Traite des êtres humains : l'Algérie met en place un mécanisme d'alerte rapide

Traite des êtres humains : l’Algérie met en place un mécanisme d’alerte rapide

Le numéro 29 du Journal officiel a publié un nouveau décret présidentiel visant à renforcer le cadre juridique et institutionnel de la lutte contre la traite des êtres humains. Ce texte réorganise le fonctionnement de la Commission nationale de prévention et de lutte contre la traite des personnes, en lui accordant des prérogatives élargies fondées sur le renforcement des mécanismes de veille, d’intervention rapide et de coordination entre les différentes instances concernées.

Ce décret confirme la mission de la Commission en matière de prévention et de lutte contre ce crime, ainsi que la prise en charge et la protection des victimes, en coordination avec les autorités judiciaires, administratives et sécuritaires compétentes, tout en adoptant une approche plus efficace dans le repérage et le traitement des cas.

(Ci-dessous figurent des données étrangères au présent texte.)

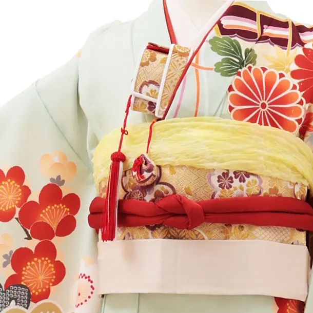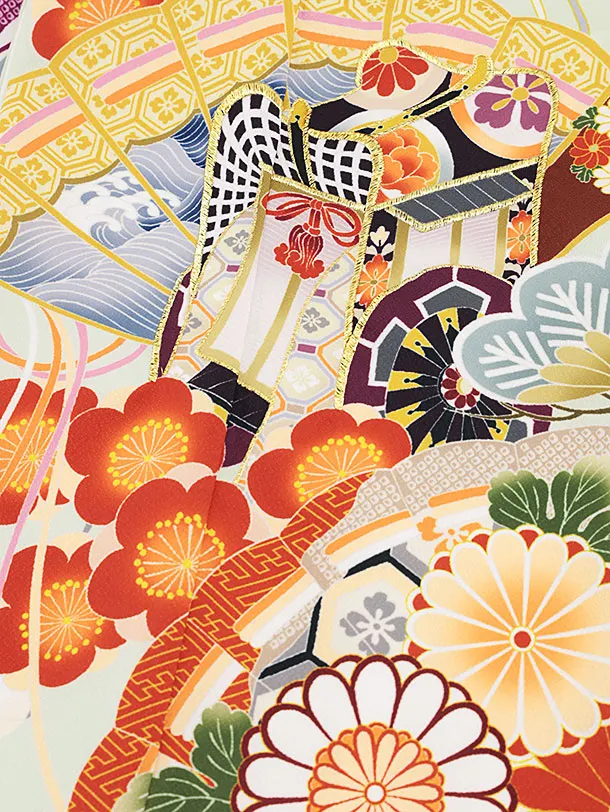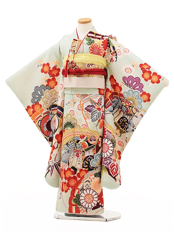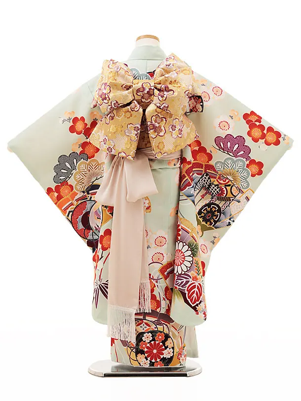 七五三(7歳結び帯)Y202 ペールグリーン 桧扇に御所車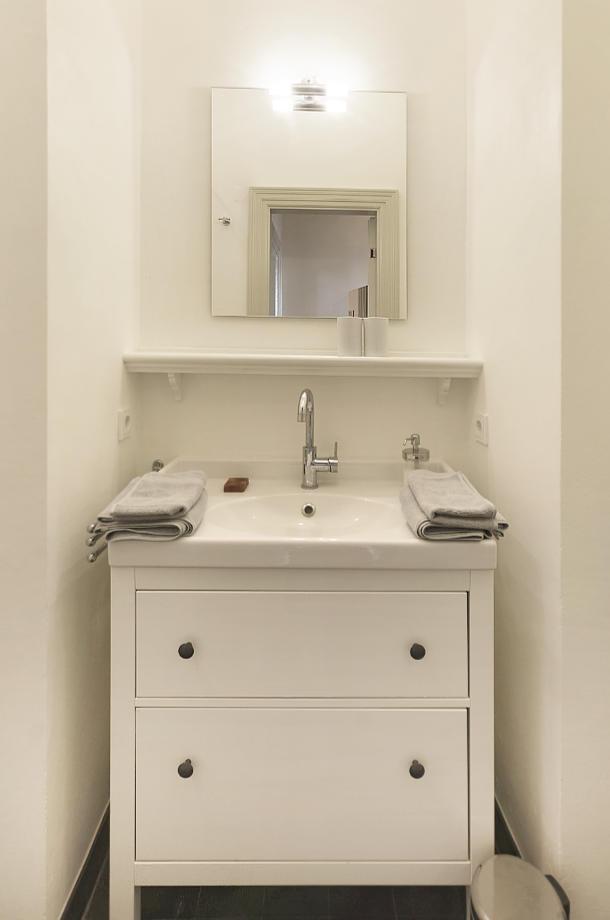 - Bad: WC, Waschtisch und begehbarer Dusche.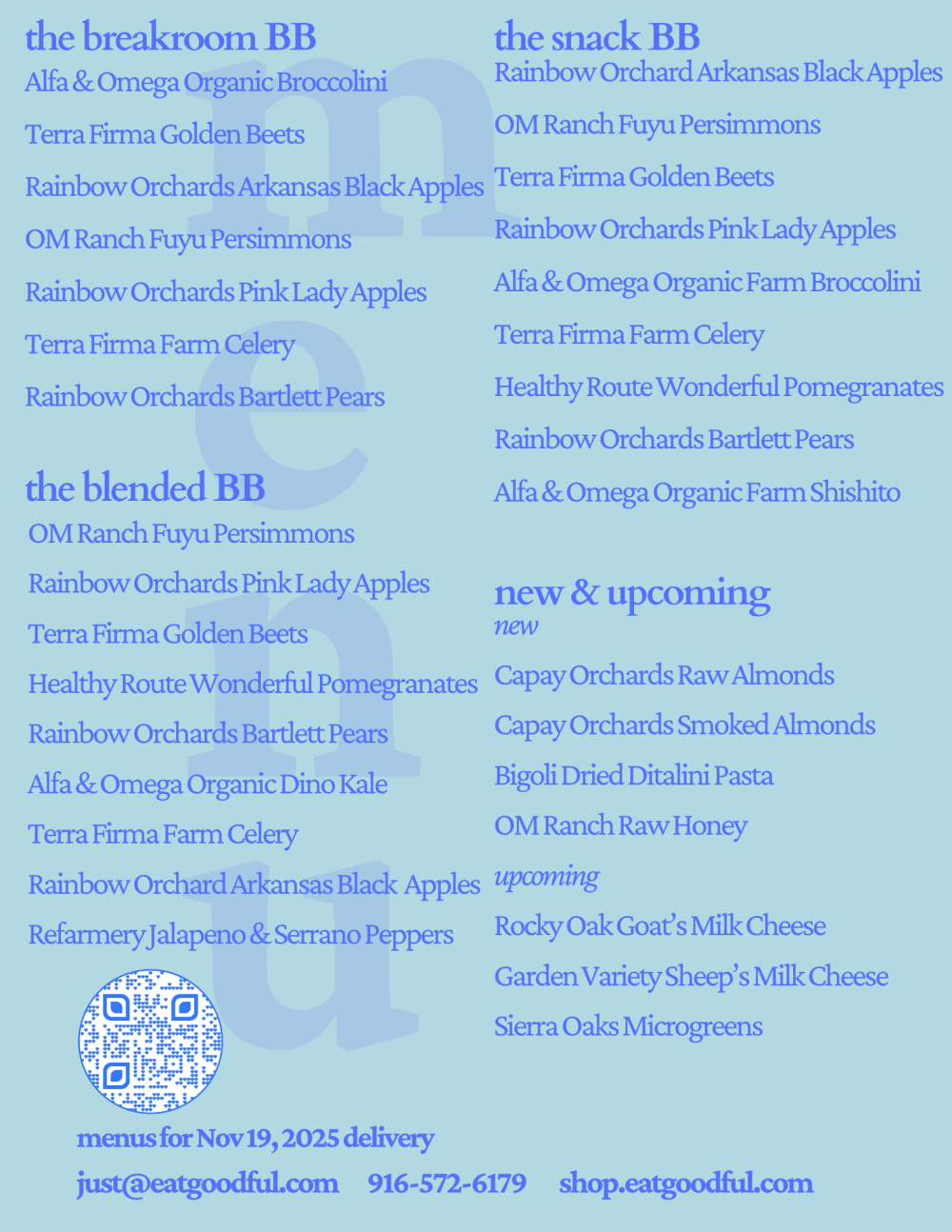 Please see this week’s menu for current Snack Box contents. This week’s menu is in the images. Select it, then simply click to zoom in. Please note we do our best to get those exact contents; however due to weather, supply chain issues, labor shortages & other small farm/business issues, we may need to substitute some items should they become unavailable. We appreciate your understanding.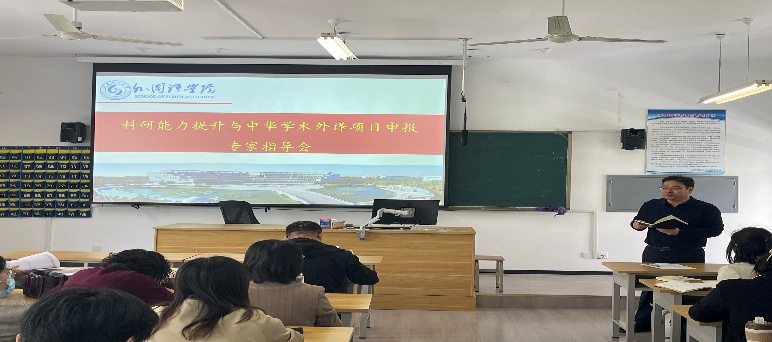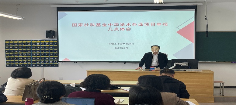 随后,陈国兴教授作了中华学术外译项目申报经验分享的专题报告。陈教授结合自身丰富的申报经验,从申报条件、团队组建、样章翻译、出版社联系等关键环节进行了深入浅出的讲解,他着重强调,项目申报应始终坚持学术价值与社会效益协同并重的原则,既要确保外译成果具备扎实的学术根基与研究深度,也要考量其在促进中外文化交流、提升中华文化国际影响力方面的实际效能,为老师们提供了极具指导意义的申报思路与实践策略。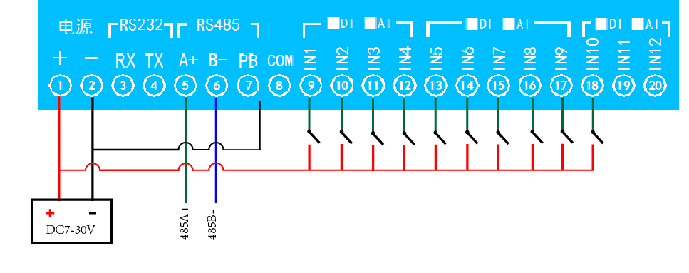電腦自帶的串口一般是RS232,需要配232-485轉換器(工業環境建議使用有源帶隔離的轉換器),轉換后RS485為A、B兩線,A接板上A端子,B接板上B端子,485屏蔽可以接GND。若設備比較多建議采用雙絞屏蔽線,采用鏈型網絡結構。

Un système national d’alerte et d’intervention rapide

Selon le nouveau texte, les missions de la Commission sont élargies pour inclure la création et la gestion d’une base de données nationale dédiée aux crimes de traite des êtres humains, ainsi que l’élaboration d’un rapport annuel adressé au président de la République, Abdelmadjid Tebboune, sur l’état de ce phénomène et la situation des victimes. Il prévoit également l’adoption de mécanismes directs de signalement reposant sur la veille numérique, notamment à travers le suivi des contenus diffusés sur les réseaux sociaux.

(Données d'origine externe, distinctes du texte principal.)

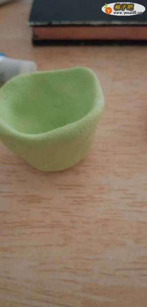2同上步一样,在白色粘土里混入藤黄和一点点花青调成青黄色的粘土,捏成碗状,这里绿色粘土不要太多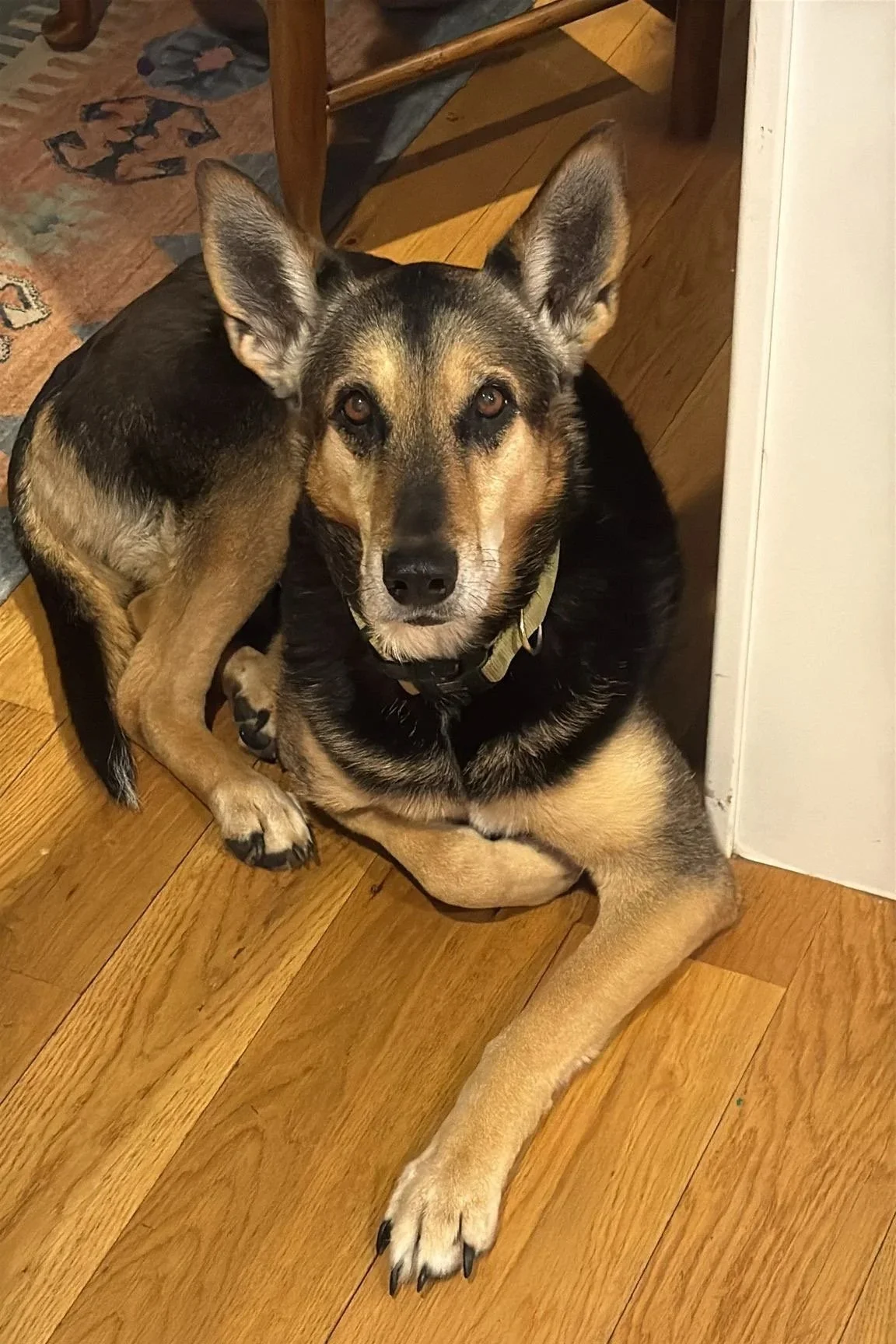 Ms. Ginny was rescued in Antigua, Guatemala, and brought with her a gift for connection. She has a natural ability to comfort both dogs and people, often becoming the “big sister” to rescues who are scared or uncertain. Her gentle presence helps nervous dogs gain confidence, proving that healing often begins with quiet love and steady reassurance. Ginny has nurtured and guided dozens of rescues into balance, showing them the comfort of pack life and preparing them to thrive as family dogs.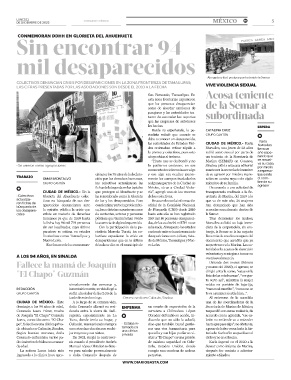 paradero se estima en estados riodista Marcela Turati, los co- en donde más se han denunciado bargo, la Semar se la ha negado;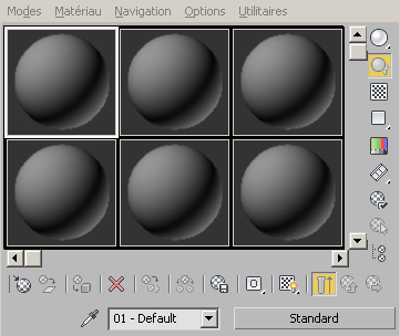 La barre de menus se trouve au-dessus des champs échantillons. Au-dessous et à droite des champs échantillons figurent des boutons et d'autres commandes que vous pouvez utiliser pour gérer et modifier les maps et les matériaux.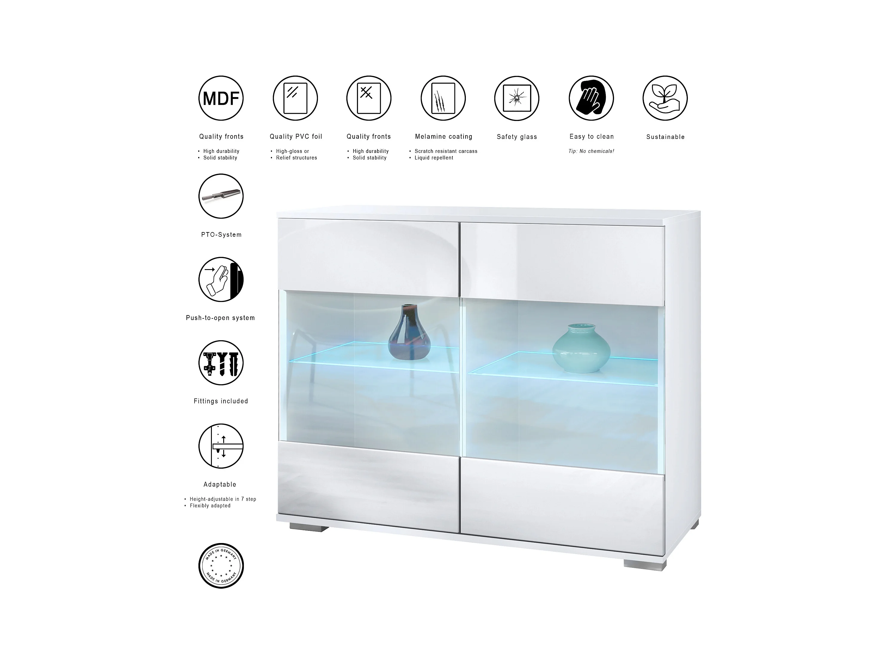 Commode Bari V3, Armoire de cuisine moderne avec 2 grandes portes vitrées incl. éclairage RGB blanc mat / noir haute brillance (92,5 x 75.5 x 35)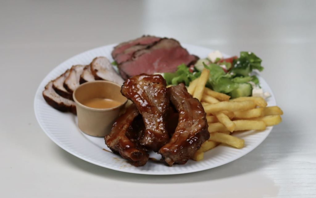 Kød:Mør Angus okseroast, saftig turkey roast og spareribs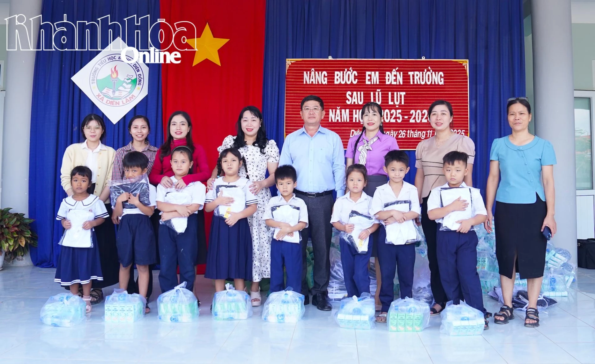Na základní a střední škole Dien Dong delegace předala 100 uniforem žákům 1. až 5. ročníku; 100 dárků, včetně mléka Vinamilk a pitné vody, žákům. Kromě toho delegace předala 20 dárků učitelům postiženým povodněmi (každý dar obsahoval 10 kg rýže a základní potřeby) a 40 pytlů léků na podporu školy v péči o zdraví žáků po přírodní katastrofě.

Le décret instaure aussi un système intégré d’alerte précoce permettant la détection rapide des cas suspects, tout en obligeant la Commission à informer immédiatement le ministre de la Justice et les autorités compétentes dès qu’une situation nécessitant une intervention urgente est identifiée, afin d’accélérer les procédures judiciaires et de protéger les victimes.

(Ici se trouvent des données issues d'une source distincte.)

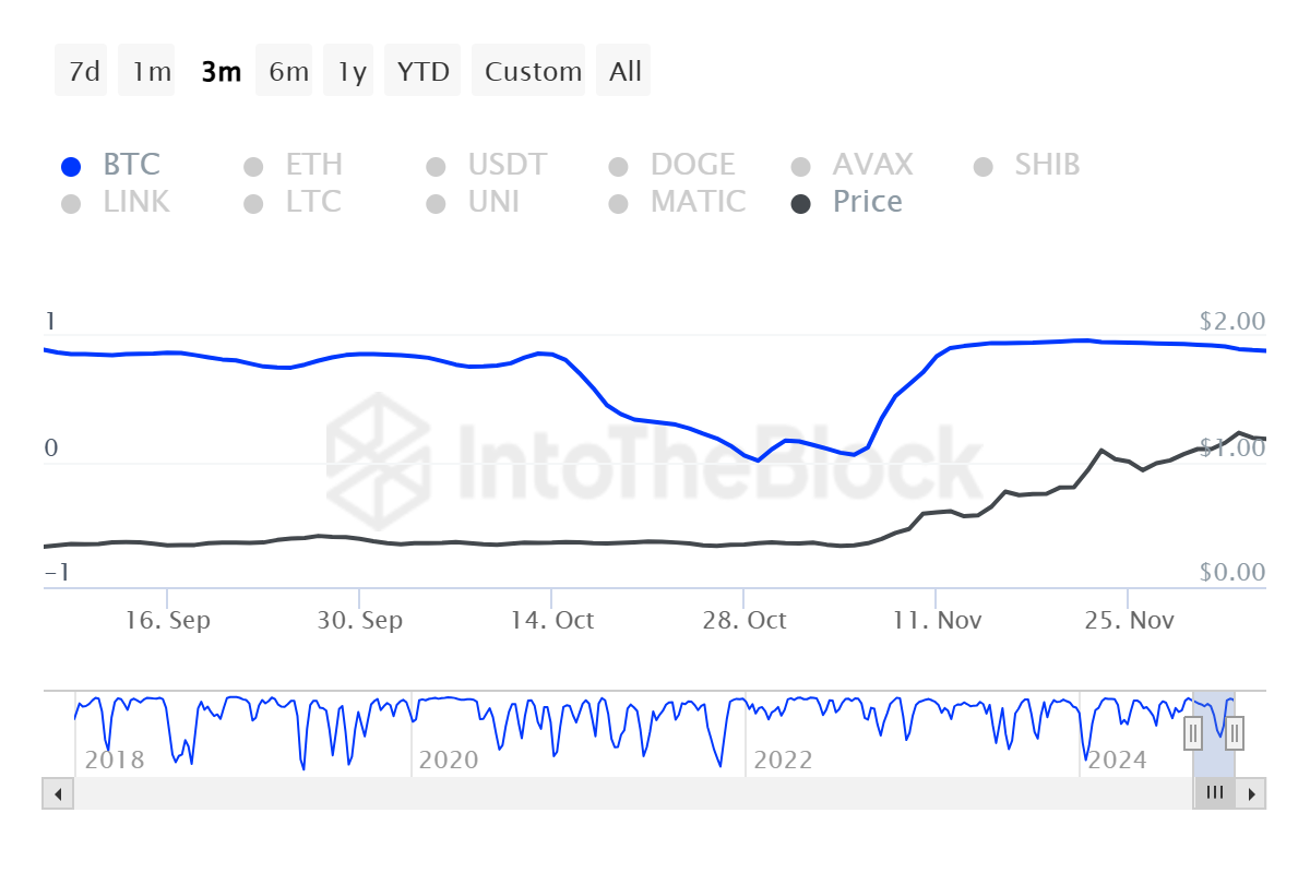 Além disso, se Cardano continuar sua forte correlação com o Bitcoin e o mercado mais amplo de criptomoedas permanecer otimista, há uma forte probabilidade de que ADA continue sua tendência de alta. Um movimento sustentado acima de US$ 1,20 pode desencadear mais atividade de compra, empurrando Cardano para novos patamares, continuando sua alta de 264% ao longo do mês.

La Commission est également chargée d’élaborer la stratégie nationale et le plan d’action relatifs à la prévention de la traite des êtres humains, de les soumettre au gouvernement pour approbation et d’en assurer le suivi sur le terrain. Elle devra en outre mettre en place un règlement intérieur définissant avec précision les mécanismes d’intervention et d’organisation.

Le texte prévoit aussi l’adoption d’indicateurs précis pour le suivi des victimes, régulièrement actualisés, ainsi que l’élaboration de guides de référence visant à harmoniser les méthodes d’identification des cas et à faciliter l’intervention des différents acteurs.

Numérisation du signalement et renforcement de la transparence

Dans ce cadre, la création d’un site web officiel de la Commission est prévue pour publier études et rapports, ainsi que le développement d’outils numériques facilitant la coordination entre les institutions concernées. Une plateforme numérique et un numéro vert gratuit seront également lancés afin de permettre aux citoyens et aux victimes de signaler toute situation suspecte.

Les nouvelles missions incluent aussi la surveillance des contenus numériques liés à la traite des êtres humains, renforçant ainsi la capacité de l’État à intervenir précocement dans l’espace numérique et à lutter contre ces crimes.

La Commission effectuera par ailleurs des visites de terrain dans les centres d’accueil et d’hébergement des victimes, avec la rédaction de rapports périodiques sur leur situation. Elle participera également à des activités nationales et internationales, tout en renforçant la coopération avec les organismes et associations actives dans la protection des victimes.

Le décret permet en outre à la Commission de coordonner les interventions entre les différents acteurs dans le cadre du mécanisme national d’orientation, d’échanger des informations pour garantir une protection efficace, et d’intervenir automatiquement dès la détection de tout acte lié à la traite des êtres humains.

Gouvernance et suivi régulier

Sur le plan de la gouvernance, le texte précise la composition du Conseil de coordination et de suivi, dont les membres sont nommés pour un mandat de quatre ans renouvelable. Ce conseil est chargé d’évaluer les mécanismes de prise en charge des victimes, d’examiner les difficultés et de proposer des solutions, ainsi que de préparer le rapport annuel destiné au président de la République.

Le Conseil se réunit tous les deux mois en session ordinaire, avec la possibilité de tenir des réunions extraordinaires en cas de besoin, garantissant ainsi un suivi continu et efficace des activités de la Commission.

Au niveau opérationnel, la Direction de la prévention, de la veille et de l’intervention est chargée de recevoir et de traiter les signalements, de suivre les cas sur le terrain et de coordonner les interventions entre les différentes parties. Elle assure également la collecte et l’analyse des données, la mise en œuvre de campagnes de sensibilisation et la surveillance des contenus numériques liés.

Enfin, le décret insiste sur le respect strict de la protection des données personnelles, interdisant toute utilisation en dehors du cadre légal, et soumettant toutes les opérations de traitement à la législation en vigueur, afin de garantir le respect de la vie privée et de renforcer la confiance dans le système de signalement.